→ **EXERCISE PROMPT**
The reply should hold only the lines from the one with "欢迎从事环保相关行业校友加入" to the one with "周英明,湖南永州人,中國節能", both ends kept, exactly as they appear below, without any pictures.

[Collection entries]
===
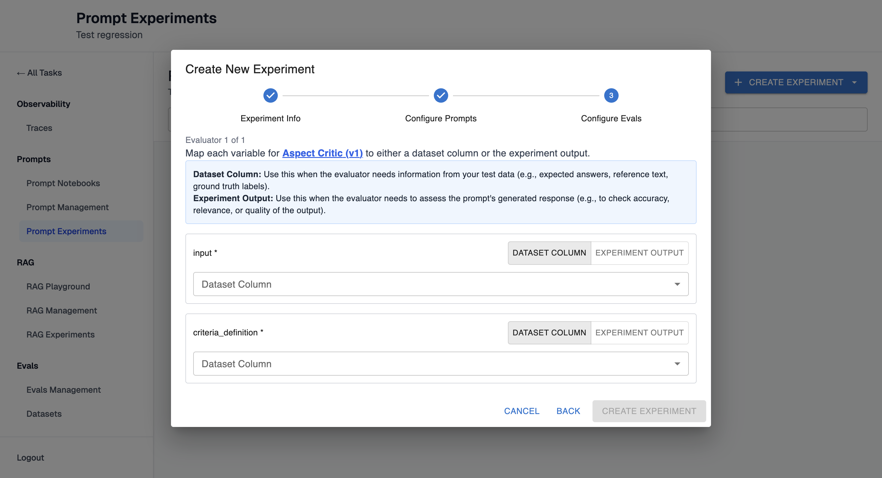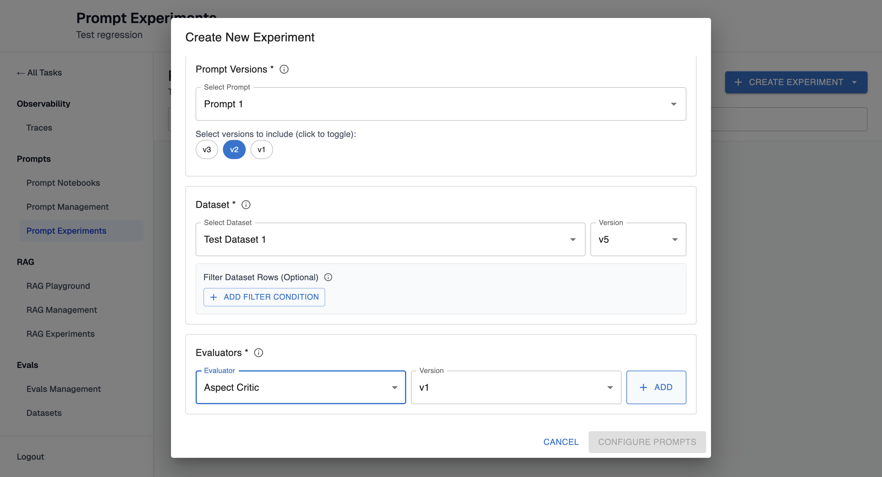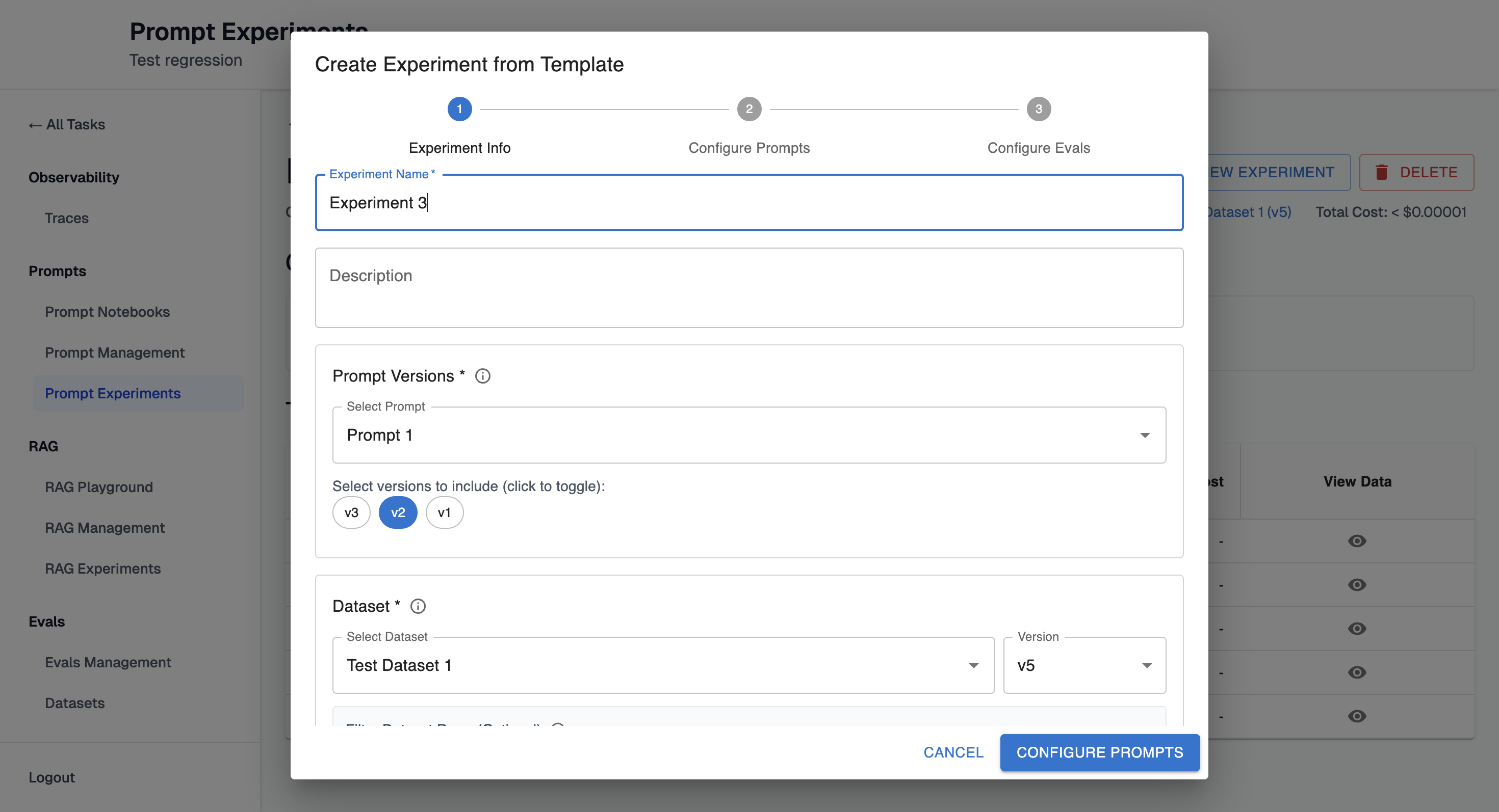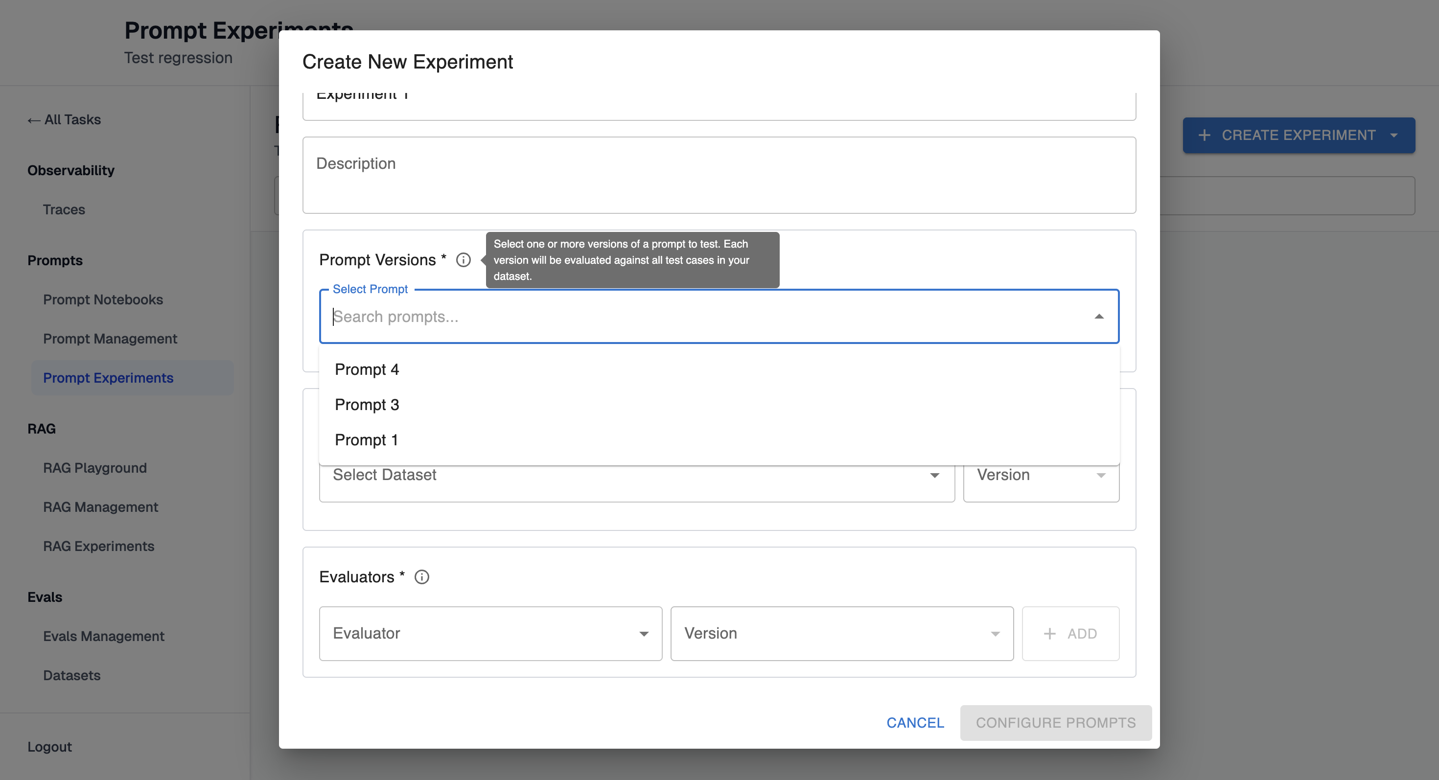 Select one or more versions of that prompt to test (e.g., Prompt 1 v1, Prompt 1 v2, Prompt 1 v3)
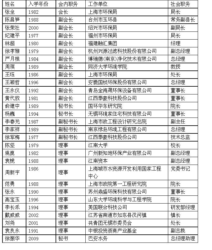 欢迎从事环保相关行业校友加入环境学院校友会!有兴趣者请与俞建中秘书长(13311887632,13311887632@189.cn)或杨巍秘书长18616564475,yangwei1994@tsinghua.org.cn)联系。
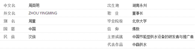 周英明,湖南永州人,中國節能型供水設備的研發者與推廣者,長沙中贏供水設備有限公司董事長兼CEO ,曾榮獲“供水行業創新獎”、“中國青年創業獎”等榮譽稱號,被譽為“中國節能供水第一人”、“中國草根創業第一人”。中贏供水創始人,代表作品有《ZYW穩壓補償式無負壓疊壓供水設備》、《ZYH變頻恒壓給水設備》、《管網水箱串聯式高層恒壓供水設備》、《罐式管網直聯型自來水增壓供水設備》等。
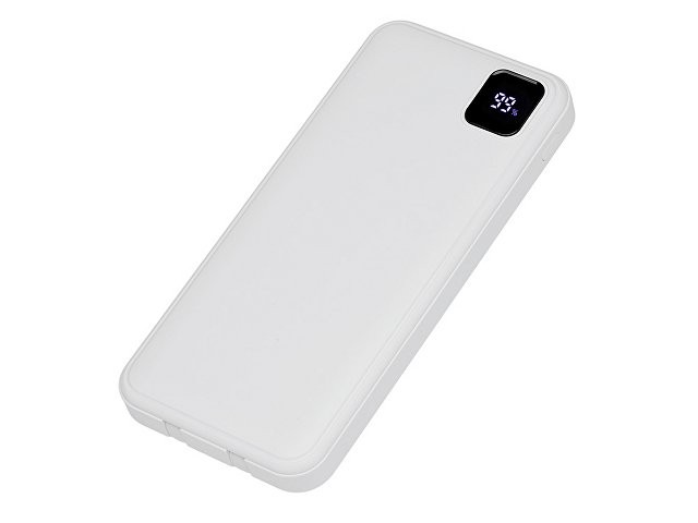 Удобный внешний аккумулятор с встроенными кабелями USB-C и Lightning — ваш надежный партнер в путешествиях, на встречах и в повседневных задачах. Цифровой дисплей в реальном времени показывает точный остаток заряда, а компактные габариты делают его таким же удобным, как смартфон. Прочный корпус из переработанного АБС-пластика и емкость 10000 мАч обеспечивают долгую работу даже при интенсивном использовании. Идеальный выбор для тех, кто ценит комфорт и функциональность в одном устройстве. Продуманная упаковка: для открытия просто потяните за язычок, и появится гаджет с нанесением. - Встроенные кабели USB-C и Lightning — больше не нужно искать провода - Цифровой дисплей с точным отображением заряда - Удобная зона под нанесение логотипа - Компактный размер, сопоставимый с телефоном — легко помещается в карман, сумку или портфель. - Упаковка с удобным и быстрым открытием
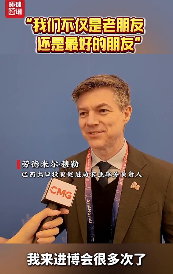 巴西出口投資促進局農(nóng)業(yè)事務(wù)負責人勞德米爾·穆勒接受總臺環(huán)球資訊廣播記者采訪時表示,巴西每年都積極參與進博會,不僅是進博會的老朋友,更是最好的朋友。
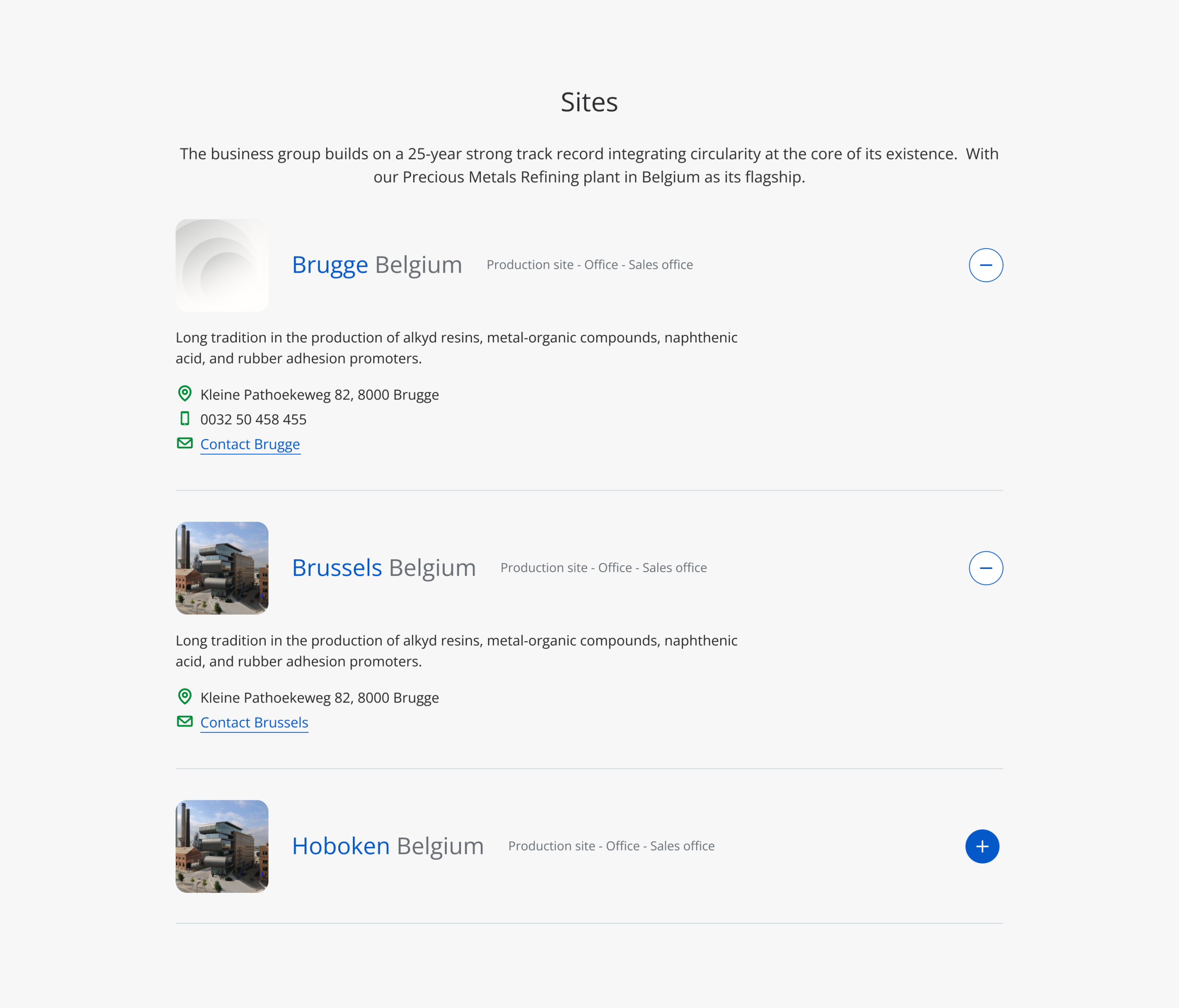 The locations component allows to list a set of Umicore (production) sites, research centers or (sales) offices with their contact details. Selection of the sites is based on tags and allows to show all sites from a specific country, business unit, etc.
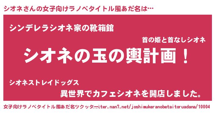 | 男性向けラノベタイトル風あだ名 | 『シオネ~年齢イコール彼女いない歴の魔法使い~』 |
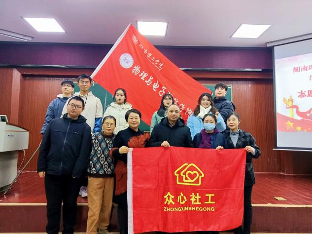 为进一步提高青年志愿者的奉献精神,展现物电学子优良精神风貌,给广大的志愿者提供更好的服务平台,英国上市公司365于12月5日晚在六栋学术报告厅举行挂牌仪式,正式将岳阳市众心社会工作服务中心作为365英国上市集团英国上市公司365青年志愿者服务基地。公司党委书记周畅、党委副书记李科敏、团委书记张庆喆,岳阳市众心社会工作服务中心理事长金淑华、总干事曹阳、宣发设计师陈立泓出席仪式,各部门部长副部长及全体22级新生参加。
===
→ **ANSWER TO THIS PROBLEM**
 欢迎从事环保相关行业校友加入环境学院校友会!有兴趣者请与俞建中秘书长(13311887632,13311887632@189.cn)或杨巍秘书长18616564475,yangwei1994@tsinghua.org.cn)联系。
 周英明,湖南永州人,中國節能型供水設備的研發者與推廣者,長沙中贏供水設備有限公司董事長兼CEO ,曾榮獲“供水行業創新獎”、“中國青年創業獎”等榮譽稱號,被譽為“中國節能供水第一人”、“中國草根創業第一人”。中贏供水創始人,代表作品有《ZYW穩壓補償式無負壓疊壓供水設備》、《ZYH變頻恒壓給水設備》、《管網水箱串聯式高層恒壓供水設備》、《罐式管網直聯型自來水增壓供水設備》等。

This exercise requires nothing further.